**Input data**:

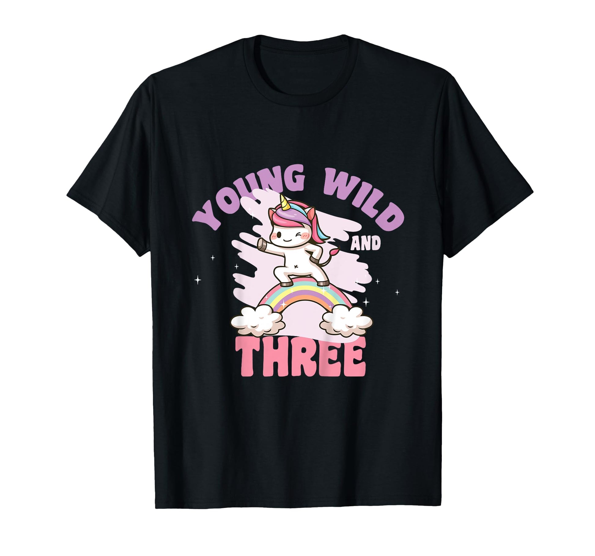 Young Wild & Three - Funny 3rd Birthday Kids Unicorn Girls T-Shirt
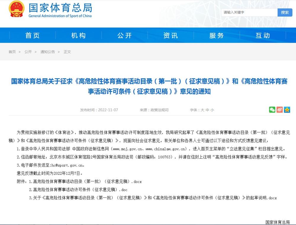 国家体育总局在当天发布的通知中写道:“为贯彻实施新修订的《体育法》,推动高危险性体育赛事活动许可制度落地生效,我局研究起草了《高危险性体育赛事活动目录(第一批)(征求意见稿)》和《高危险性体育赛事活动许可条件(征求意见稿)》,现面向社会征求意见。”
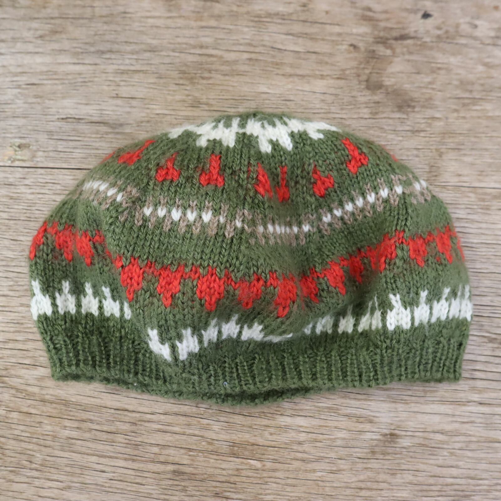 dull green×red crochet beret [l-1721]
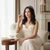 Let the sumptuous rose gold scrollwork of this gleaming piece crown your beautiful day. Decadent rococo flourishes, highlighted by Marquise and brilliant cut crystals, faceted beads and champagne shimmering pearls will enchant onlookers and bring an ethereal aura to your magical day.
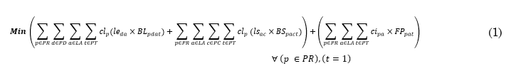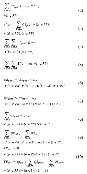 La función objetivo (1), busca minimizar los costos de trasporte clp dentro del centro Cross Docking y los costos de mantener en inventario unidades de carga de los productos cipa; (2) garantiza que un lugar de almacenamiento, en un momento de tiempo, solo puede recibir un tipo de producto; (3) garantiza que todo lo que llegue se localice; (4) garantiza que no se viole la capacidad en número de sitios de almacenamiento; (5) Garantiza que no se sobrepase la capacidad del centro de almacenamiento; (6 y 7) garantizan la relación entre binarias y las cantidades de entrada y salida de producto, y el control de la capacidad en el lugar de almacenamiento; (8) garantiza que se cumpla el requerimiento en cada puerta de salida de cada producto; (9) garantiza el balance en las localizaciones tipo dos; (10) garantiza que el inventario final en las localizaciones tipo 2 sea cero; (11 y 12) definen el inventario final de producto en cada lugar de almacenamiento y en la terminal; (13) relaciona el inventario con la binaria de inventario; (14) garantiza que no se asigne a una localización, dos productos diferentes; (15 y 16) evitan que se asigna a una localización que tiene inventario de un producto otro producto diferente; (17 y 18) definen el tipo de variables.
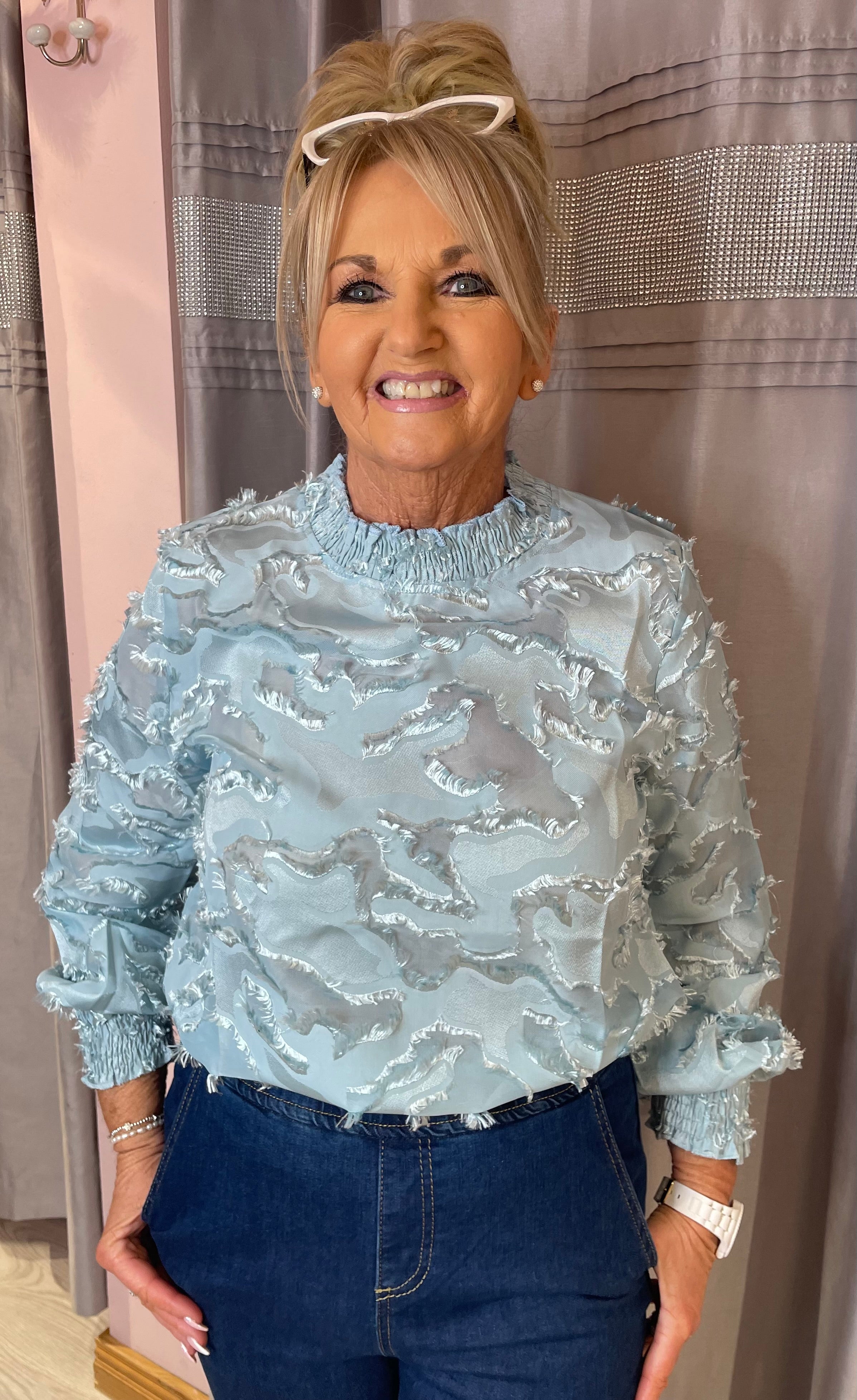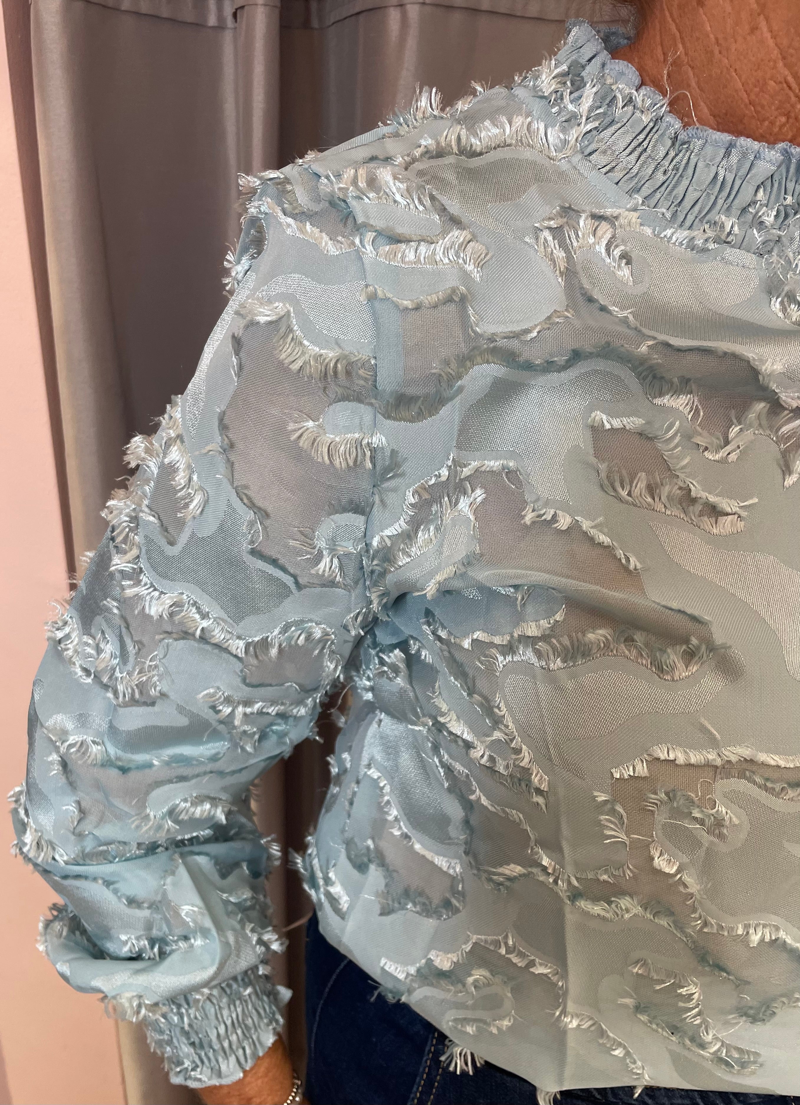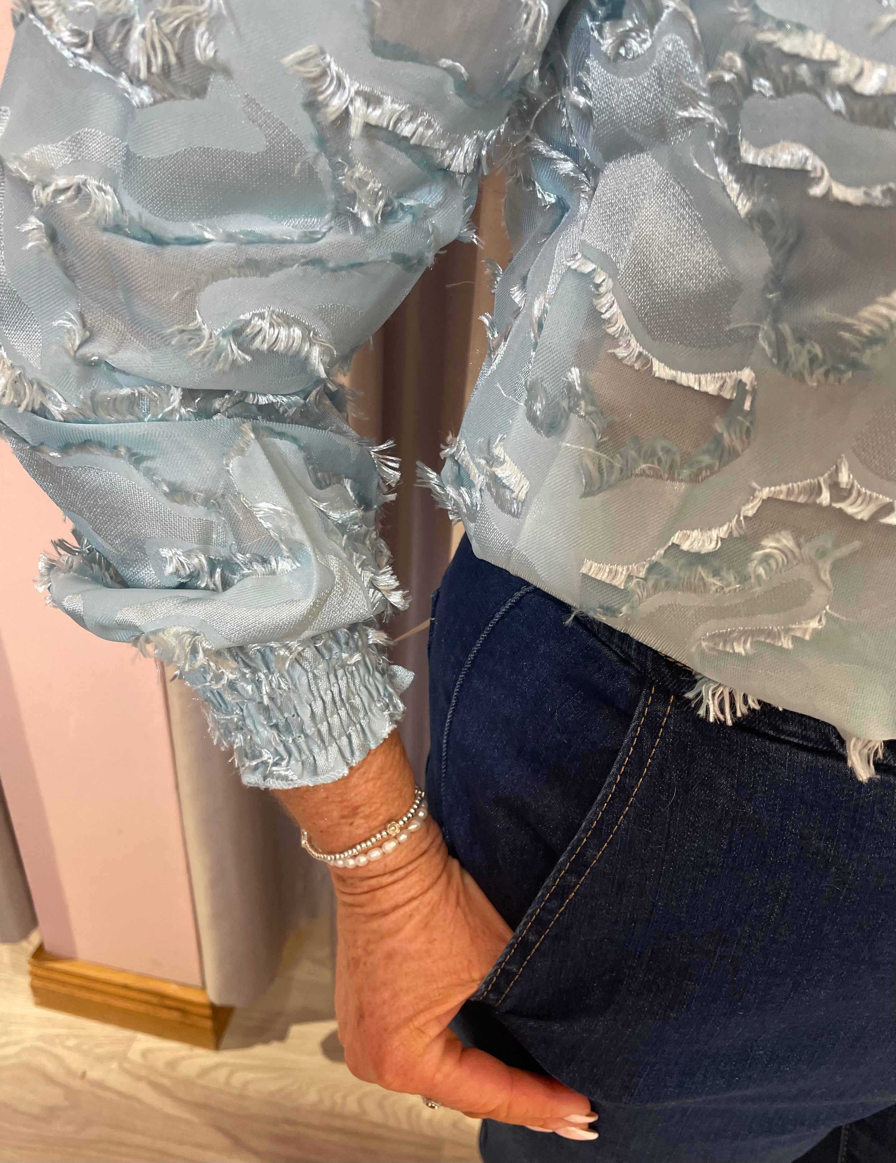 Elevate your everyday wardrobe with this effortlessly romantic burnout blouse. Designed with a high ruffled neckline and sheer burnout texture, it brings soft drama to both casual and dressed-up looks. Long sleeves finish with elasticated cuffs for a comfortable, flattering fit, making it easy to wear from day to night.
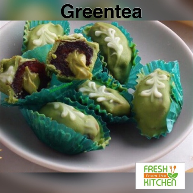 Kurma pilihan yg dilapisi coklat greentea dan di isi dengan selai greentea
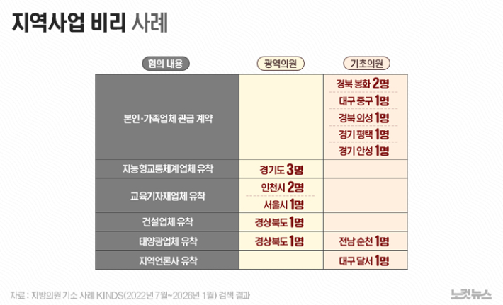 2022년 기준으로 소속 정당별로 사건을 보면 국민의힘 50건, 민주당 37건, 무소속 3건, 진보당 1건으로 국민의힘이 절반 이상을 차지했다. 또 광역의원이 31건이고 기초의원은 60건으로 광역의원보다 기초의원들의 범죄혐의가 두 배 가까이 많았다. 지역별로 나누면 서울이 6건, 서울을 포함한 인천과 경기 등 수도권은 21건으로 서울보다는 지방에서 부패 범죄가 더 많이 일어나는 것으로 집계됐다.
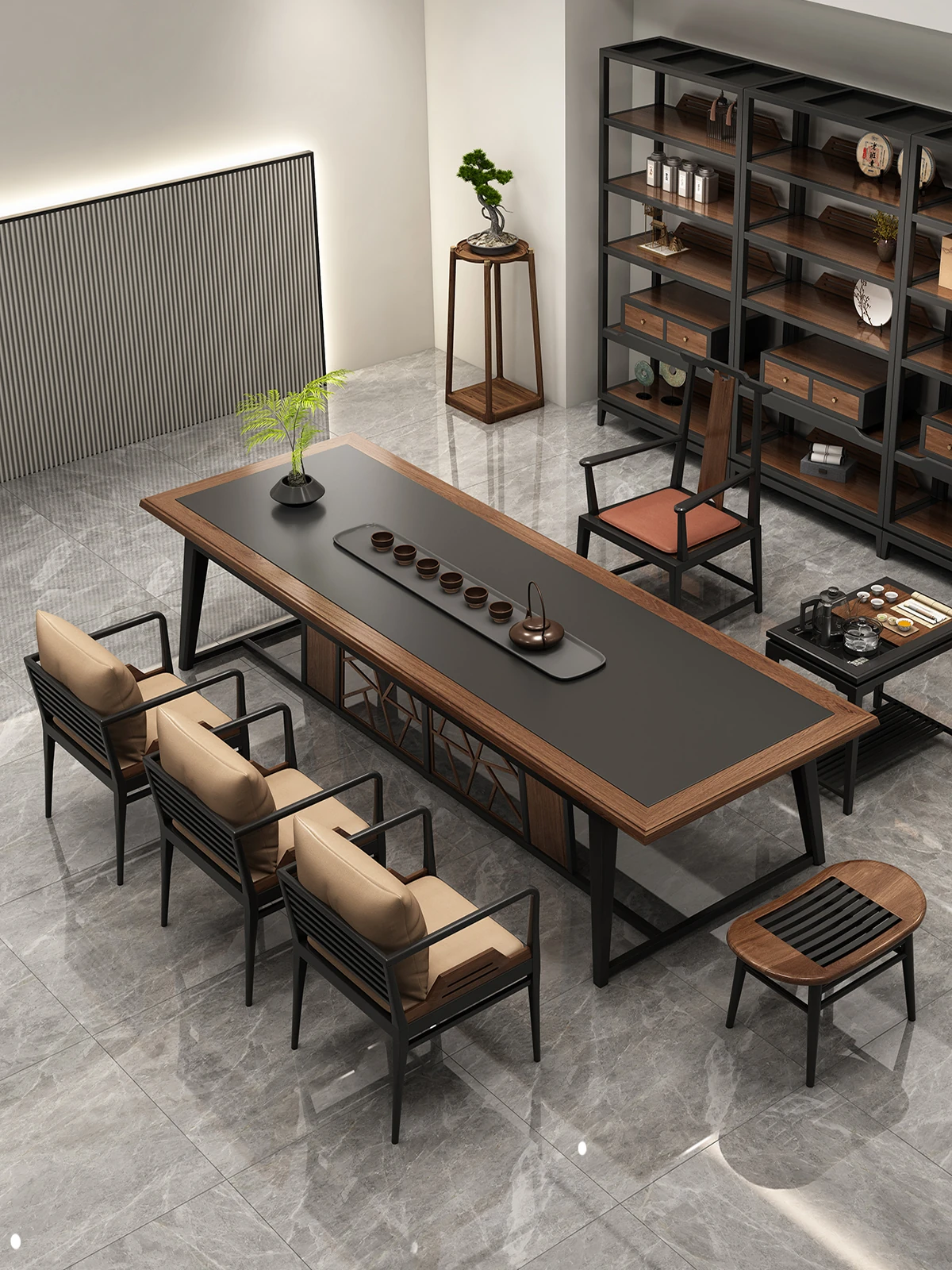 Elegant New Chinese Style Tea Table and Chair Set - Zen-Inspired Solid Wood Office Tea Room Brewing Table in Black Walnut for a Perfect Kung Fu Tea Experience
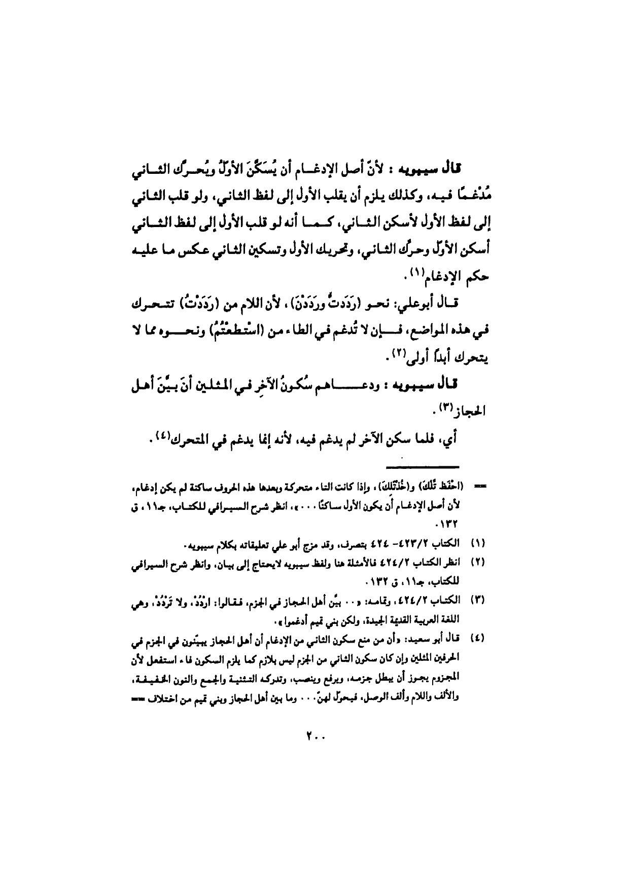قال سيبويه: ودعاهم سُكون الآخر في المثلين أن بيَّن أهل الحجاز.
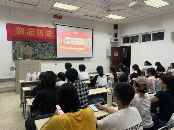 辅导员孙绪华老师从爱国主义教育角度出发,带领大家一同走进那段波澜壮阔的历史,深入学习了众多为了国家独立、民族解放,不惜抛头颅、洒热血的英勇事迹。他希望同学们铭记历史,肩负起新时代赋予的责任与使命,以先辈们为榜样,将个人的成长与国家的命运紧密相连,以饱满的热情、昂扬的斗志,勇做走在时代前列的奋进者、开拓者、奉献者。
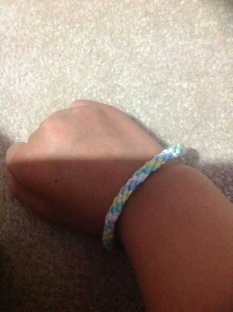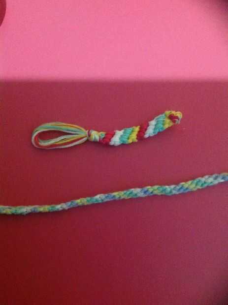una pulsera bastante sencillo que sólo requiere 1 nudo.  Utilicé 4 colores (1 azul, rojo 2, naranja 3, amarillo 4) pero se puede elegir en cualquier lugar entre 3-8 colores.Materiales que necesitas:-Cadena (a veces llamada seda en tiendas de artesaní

**Task**: Set the pictures aside and retype exactly the lines above from the line with "2022년 기준으로 소속" to the line with "قال سيبويه: ودعاهم", both included, adding no others.

**Reply to the exercise**:
 2022년 기준으로 소속 정당별로 사건을 보면 국민의힘 50건, 민주당 37건, 무소속 3건, 진보당 1건으로 국민의힘이 절반 이상을 차지했다. 또 광역의원이 31건이고 기초의원은 60건으로 광역의원보다 기초의원들의 범죄혐의가 두 배 가까이 많았다. 지역별로 나누면 서울이 6건, 서울을 포함한 인천과 경기 등 수도권은 21건으로 서울보다는 지방에서 부패 범죄가 더 많이 일어나는 것으로 집계됐다.
 Elegant New Chinese Style Tea Table and Chair Set - Zen-Inspired Solid Wood Office Tea Room Brewing Table in Black Walnut for a Perfect Kung Fu Tea Experience
قال سيبويه: ودعاهم سُكون الآخر في المثلين أن بيَّن أهل الحجاز.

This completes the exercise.